Nous Research launches Covariant Neuron Attribution (CNA): Guiding a Sparse MLP Circuit Without SAE Training or Weight Adjustment


Instruction-tuned language models reject malicious requests. But which part of the model is actually responsible, and how is this mechanism stabilized during training? New research by the Nous Research team takes a look at this question at the neuronal level. The Nous research team developed Covariant Neuron Attribution (CNA)a method that identifies specific MLP neurons whose activation distinguishes between noxious and benign stimuli. By eliminating just 0.1% of MLP activations, they were able to reduce rejection rates by more than 50% in most instruction models tested – across Llama and Qwen architectures from 1B to 72B parameters – while maintaining output quality above 0.97 at all routing strengths. What is interesting is the main finding: the late layer structure that distinguishes noxious stimuli from benign stimuli is present in the basic models before any fine-tuning. Adjusting the alignment does not create a new structure. It transforms the function of neurons within that existing structure into a sparse, targetable rejection gate.
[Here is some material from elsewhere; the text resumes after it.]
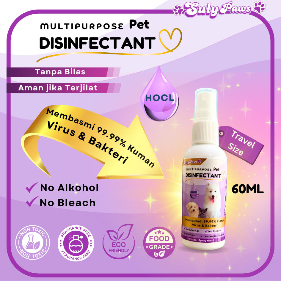 Multipurpose Pet Disinfektan HOCL 50 PPM. Travel Size 60ML

The problem is with current routing methods

Contrastive Activation Addition (CAA) Calculates the average difference in Residual stream Activation between two contrasting orientation sets. The difference becomes a guiding vector that is applied at inference time. CAA is effective but rough: it modulates the signal at the level of the entire layer without identifying the neurons responsible. At high vector strengths, output quality deteriorates – models produce repetitive words and incoherent text.

Sparse autoencoders (SAEs) Parse activations into interpretable features. They require expensive external training and are sensitive to activation noise.

CNA requires only forward passes – no grading, no assistant training, and no repetitive research.

How does CNA work?

You can select two sets of prompts:

  • Positive claims – Examples of targeted behavior (e.g. malicious requests)
  • Negative claims – Examples of the opposite (e.g., benign requests)

You can run all prompts through the form. In each MLP layer, the method is registered Activate drop down In the last symbolic position. It then calculates the average activation difference for each neuron between the two groups:

δY= mean (activations on positive claims) – mean (activations on negative claims)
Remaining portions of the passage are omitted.